Probably unintentional societal gaslighting. Even I've been guilty of it, so the manipulation runs deep and can seemingly affect anybody
 
Probably unintentional societal gaslighting. Even I've been guilty of it, so the manipulation runs deep and can seemingly affect anybody
This is a great point to bring up. I've been guilty of the same thing myself. I noticed this about myself when I've watched Youtube vids from several different high functioning autistic women who have their own channels and I've found myself thinking: "No one would know you're autistic based on how you present. You seem like someone I'd just think is boring, irritating, self-involved and/or work to be around." <<< I know that kind of thinking is wrong but I'm admitting that I've thought those things sometimes.
 
People from Dallas, NC. NOBODY there believes in autism or being clinically depressed or any kind of mental affliction at all. The whole time i was trapped there i had people telling me "you're not really autistic" and "that's just something somebody made up and your stupid birth father told you". My evil aunt dorothy had me so horribly confused and messed up in the head. My uncle didn't make it any better.

I just hate society. The only people i will ever trust are you guys, my sister and my true parents: my mother and Maddog; though he be fickle, he still be my father.
 
Pure, raw denial and little else.

Yet who kept after me to eventually face my neurological reality head-on?

- Me.
 
I was able to accept my diagnosis because it let me know that while I did have Asperger’s, my behavior wasn’t out of the ordinary for someone on the spectrum like adults had all thought. They deemed me as being emotionally disturbed and immature which wasn’t exactly true. I was emotionally disturbed because of the bullying and the fact that I didn’t know how to express my emotions in a healthy way because my mind wanted to have fits whenever I got upset. It also explained why I had so much trouble in certain classes and had certain interests other kids didn’t have.
 
Ppl thinking it’s okay to self diagnose (not referring to ppl that self suspect they’re neurodivergent and go from there in a sensible way) for internet clout/mocking the struggles actually neurodivergent ppl go thru/ppl refusing to accept anything but neurotypical as normal
 
IF you really want to view the world, look at it through the lens of quantum field theory, everything then starts to make since. people's behavior, everything.
 
Have you accepted it now?

I think I have.
It took me a long time, but i did. It was always a "hall of shame" title that i had since i was bullied. Only reason why i did recently is because of a friend that i confessed to and the that same friend accepted me for it. So that actually made me feel less denial and more accepting of myself because my friend was kind
 
It took me a long time, but i did.
I think it gets better once we accept… it’s worth the effort to understand. I’m new to it (accepting), over 40 years into my life. I have really enjoyed how much it explains so many things. If you have the right framework for understanding things, knowing comes much easier.
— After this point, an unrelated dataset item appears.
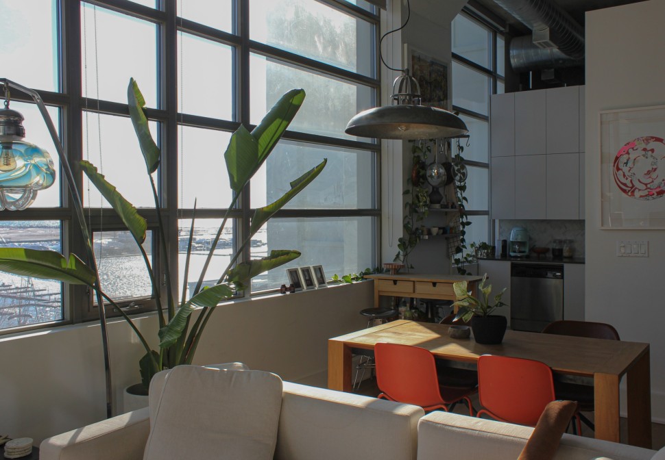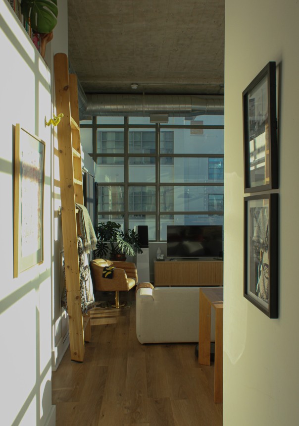 Die alten Industrierahmen der Fenster erzeugen erstaunliche Schatten in der Wohnung, was es viel interessanter macht, hier zu fotografieren. Von der Wohnung aus hat man einen Blick auf den Ontario-See und den städtischen Flughafen auf einer Insel neben uns. Ein weiterer Vorteil des Wohnens hier ist die Möglichkeit, kleine Flugzeuge beim Abflug von der Stadt zu beobachten, was sehr befreiend ist. Ganz zu schweigen von der Gelassenheit, die der Anblick des endlosen Sees vermittelt.

I think you will find much more kindness and acceptance among people who are willing to understand and value you. I hope you feel worthy and deserving of that.

It was always a "hall of shame" title that i had since i was bullied.
Yeah, bullying is stupid. Bullying is not right. Whoever is doing that to you should not do that and it sucks.
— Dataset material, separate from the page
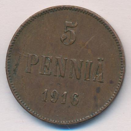 Лицевая сторона — вензель Александра II, оборотная — номинал (5 PENNIA) и дата. Нормативный вес — 6,40 грамма, гурт гладкий.

So that actually made me feel less denial and more accepting of myself because my friend was kind
Yay. The most important kind. If you tend to your own self acceptance and keep it strong, you can overcome the bullies in your own way. Pride can crumble the hall of shame and turn it into a quiet and anonymous pass down whatever kind of road you like where no one is looking or paying attention except those that are friends.
 
Societal stigma/gaslighting, like others have said, and stigma from medical professionals and educators, misinformation (there was a point where I thought all autistic people were nonverbal), being told that my autism made everything my fault and I deserved what was happening to me, extreme bullying and abuse, and the fact that having the autism diagnosis made it take half my life to get adopted and out of the system of institutional child abuse. I was diagnosed very young, which did honestly make things harder growing up.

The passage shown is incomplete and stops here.